Widmann and Late Romanticism
Programme
- Jörg Widmann Trauermarsch (Dutch premiere)
- Gustav Mahler First symphony 'Titan'
Trauermarsch - Jörg Widmann's title alone recalls Gustav Mahler. But with him, things are not always what they seem.
Hannes Minnaar plays Widmann's moving funeral march
In 2014, Jörg Widmann wrote Trauermarsch for piano and orchestra. It originated as an industrial accident. What should have become a four-movement piano concerto for Yefim Bronfman and the Berliner Philharmoniker became a one-movement piece based on the introduction, which also for Widmann unexpectedly evolved into a colossal funeral march based on the descending second which, as a mourning motif, sometimes explicitly and sometimes hiddenly dominates the entire piece. When you think of a funeral march, you think of Beethoven and Mahler - but perhaps not the almost defenseless intimacy and sometimes touching tenderness of the solo part in this piece.

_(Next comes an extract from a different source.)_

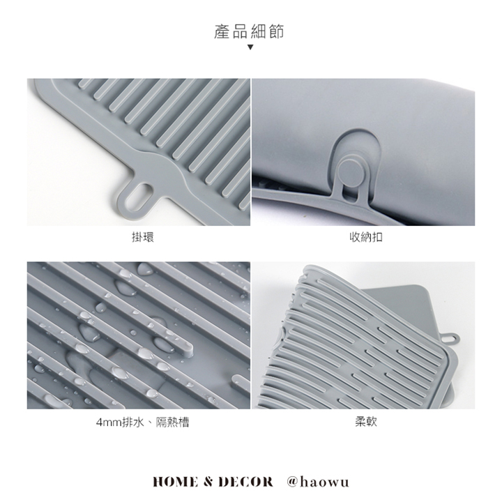 • 矽膠材質耐酸、耐鹼、耐高低溫-可任意角度摺疊,方便清洗細節污漬
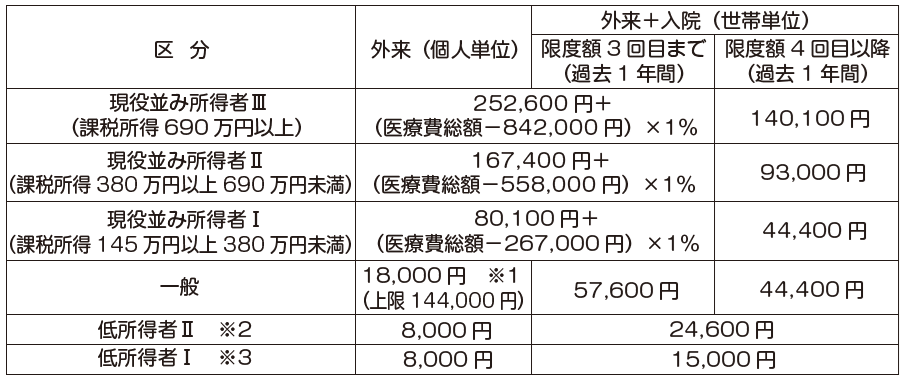 ◆「限度額適用認定証」または「限度額適用・標準負担額減額認定証」を提示することで、医療機関での支払いが限度額までとなります。認定証を発行できる人は、70歳未満または70歳から74歳で「低所得者II・I」および「現役並み所得者II・I」区分の人です。必要な人は住民課で申請してください。なお、保険税未納等により発行できない場合があります。

Ambiguity in Widmann and Mahler
Here again, it turns out that with Widmann you should never take titles at their word. Above the piano part, in bar one, just a few bars before the orchestra launches "solemn and severe", is written: "Laconic, somewhat hesitant. Thus Widmann immediately creates the ambiguity that characterizes Trauermarsch; a dialectical play of light and dark, vital and broken. Just as ironic as the funeral march in Mahler's First Symphony, which, with its Father James canon and its intimate, lyrical-melancholic atmosphere, fits Widmann's masterpiece perfectly.